Having them melt into your arms as they release that anger is a rather amazing thing.

Meeting their needs – Rupture often stems from having unmet needs. We’ve all heard people say ‘They must be tired’ when it comes to children, and they’re not wrong. A child who is hungry, over or under stimulated, tired, bored, etc, is far more likely to have these moments. Meeting their need is a great way to reconnect, especially if we take our time and do it with love. It shows them that we are here and that we care. Its nurturing at its finest.

Play – There is no more powerful way to reconnect with your child than through fun and laughter, as Lawrence J. Cohen, author of Playful Parenting says “Play is also a way to be close and, even more important, a way to reconnect after the closeness has been severed. Chimpanzees like to tickle one another’s palms, especially after they have had a fight. Thus, the second purpose of play serves our incredible – almost bottomless – need for attachment and affection and closeness.”
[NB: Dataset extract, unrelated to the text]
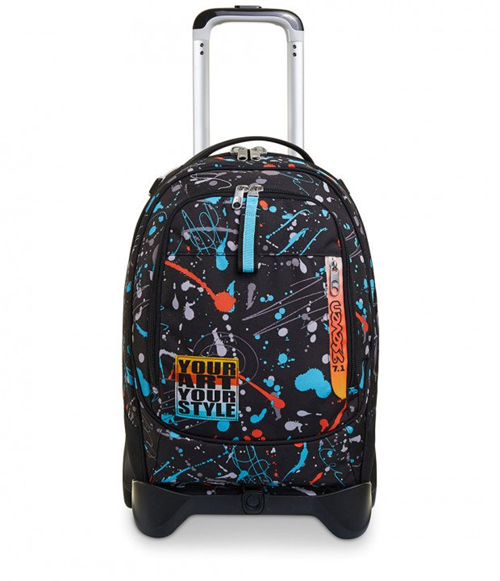 Il Trolley Seven Jack-3WD PERSONAL ART, dotato di un sistema a 3 ruote che agevola la salita dei gradini, è pieno di stile e multiuso. In poche semplici mosse, infatti, da trolley diventa zaino e viceversa. Il carrello ha fondo rinforzato e protezioni angolari, dando stabilità al trolley e protezione al contenuto. Lo sganci e hai uno zaino lavabile, maxi capiente, dotato di tasca frontale e comodo da indossare grazie a schienale imbottito e spallacci imbottiti e traspiranti. Spallacci che, se lo usi come trolley, possono essere a scomparsa o, grazie al CROSSOVER SYSTEM, sollevarsi automaticamente tirando su la resistente doppia barra telescopica con due regolazioni in altezza, evitando che i nastri striscino a terra.

Giving space – This doesn’t mean we leave them with their big feelings, but if they aren’t ready to move on then we need to respect that they may need a little more time. This can sometimes mean sitting close or assuring them you’re there when they are ready. This is especially important with older children.

Asking – Imagine a time when you were feeling really overwhelmed and frustrated. Now imagine hearing the words “Hey, you seem angry and upset right now. What can I do to help you feel better?” It would be pretty amazing, right? Do this for your child.

Remember, rupture is inevitable, but it isn’t the be all and end all… there is always the opportunity to repair and you and your child’s relationship will be stronger for it.